I've taken the results of the first shader (with GetRenderTargetData) and placed them in a texture & surface (destTex and destSur), then set that texture as the input for the second pass (using dev->SetTexture and later effect->SetTexture("thisframe", destTex)).
All calls succeed, effects compile, textures load, quads are drawn, but the effect is not visible.
I suspected at first the device (created with software vertex processing) was causing the issue, but that doesn't seem to be the case (I tried with hardware and mixed).

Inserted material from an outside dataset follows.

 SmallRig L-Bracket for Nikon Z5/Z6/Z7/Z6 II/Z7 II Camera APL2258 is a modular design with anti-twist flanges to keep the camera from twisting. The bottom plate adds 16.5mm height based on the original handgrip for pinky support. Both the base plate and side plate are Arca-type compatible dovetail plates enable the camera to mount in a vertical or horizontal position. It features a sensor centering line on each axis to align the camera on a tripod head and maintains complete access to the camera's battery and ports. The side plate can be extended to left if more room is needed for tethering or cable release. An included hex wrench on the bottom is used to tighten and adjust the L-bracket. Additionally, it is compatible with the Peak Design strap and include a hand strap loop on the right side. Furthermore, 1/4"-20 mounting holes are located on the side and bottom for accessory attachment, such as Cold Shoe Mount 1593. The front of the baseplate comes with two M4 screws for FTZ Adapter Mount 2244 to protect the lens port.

Additionally, using both a HAL and REF device (not a problem, since the app isn't realtime anyways), that second shader isn't visible.
Everything is written in C++ for Direct3D 9.

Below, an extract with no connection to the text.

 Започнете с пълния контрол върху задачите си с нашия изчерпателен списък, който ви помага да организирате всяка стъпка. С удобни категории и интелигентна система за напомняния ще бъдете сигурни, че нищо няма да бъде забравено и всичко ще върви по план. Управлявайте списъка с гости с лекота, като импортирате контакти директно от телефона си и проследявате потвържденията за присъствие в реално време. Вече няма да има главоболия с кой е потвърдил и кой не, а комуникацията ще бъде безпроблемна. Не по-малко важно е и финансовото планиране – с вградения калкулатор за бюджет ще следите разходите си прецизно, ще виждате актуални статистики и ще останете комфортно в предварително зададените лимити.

Try clearing the depth-stencil buffer after each time you render the quad.
First Create a texture, then render the first shader directly into that texture. Finally render the second shader with the texture as input to the Backbuffer.

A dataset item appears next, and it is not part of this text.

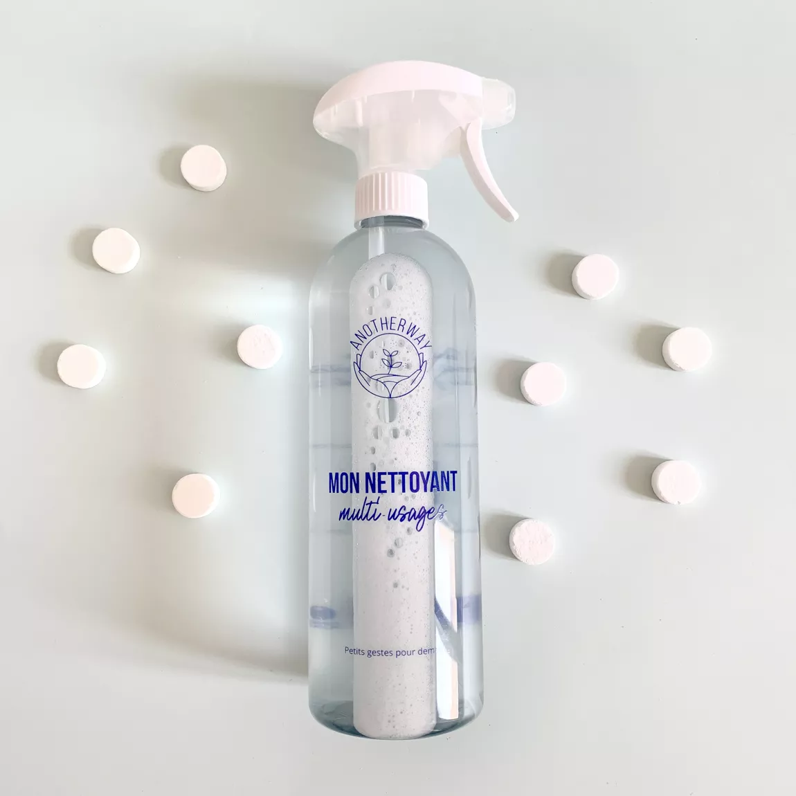 Elle permet d’accueillir vos préparations maisons ou les pastilles nettoyantes multi-usages et pour les vitres ANOTHERWAY.

There must be some kind of vertex input and vertex processing (either fixed-function or shader) in order for the pixel shader to be run. Are you supplying the vertex shader, and if so are you sure it does what the pixel shader expects? What does your draw call look like?
It's probably worth looking at a PIX trace of your app to see what the device state is when trying to use the user effect.

Self-Referencing Renderbuffers in OpenGL

I have some OpenGL code that behaves inconsistently across different
hardware. I've got some code that:
Creates a render buffer and binds a texture to its color buffer (Texture A)
Sets this render buffer as active, and adjusts the viewport, etc
Activates a pixel shader (gaussian blur, in this instance).
Draws a quad to full screen, with texture A on it.
Unbinds the renderbuffer, etc.
On my development machine this works fine, and has the intended
effect of blurring the texture "in place", however on other hardware
this does not seem to work.
I've gotten it down to two possibilities.
A) Making a renderbuffer render to itself is not supposed to work, and
only works on my development machine due to some sort of fluke.
B) This approach should work, but something else is going wrong.
Any ideas? Honestly I have had a hard time finding specifics about this issue.
A) is the correct answer. Rendering into the same buffer while reading from it is undefined. It might work, it might not - which is exactly what is happening.
In OpenGL's case, framebuffer_object extension has section "4.4.3 Rendering When an Image of a Bound Texture Object is Also Attached to the Framebuffer" which tells what happens (basically, undefined). In Direct3D9, the debug runtime complains loudly if you use that setup (but it might work depending on hardware/driver). In D3D10 the runtime always unbinds the target that is used as destination, I think.
Why this is undefined? One of the reasons GPUs are so fast is that they can make a lot of assumptions. For example, they can assume that units that fetch pixels do not need to communicate with units that write pixels. So a surface can be read, N cycles later the read is completed, N cycles later the pixel shader ends it's execution, then it it put into some output merge buffers on the GPU, and finally at some point it is written to memory. On top of that, the GPUs rasterize in "undefined" order (one GPU might rasterize in rows, another in some cache-friendly order, another in totally another order), so you don't know which portions of the surface will be written to first.
So what you should do is create several buffers. In blur/glow case, two is usually enough - render into first, then read & blur that while writing into second. Repeat this process if needed in ping-pong way.
In some special cases, even the backbuffer might be enough. You simply don't do a glClear, and what you have drawn previously is still there. The caveat is, of course, that you can't really read from the backbuffer. But for effects like fading in and out, this works.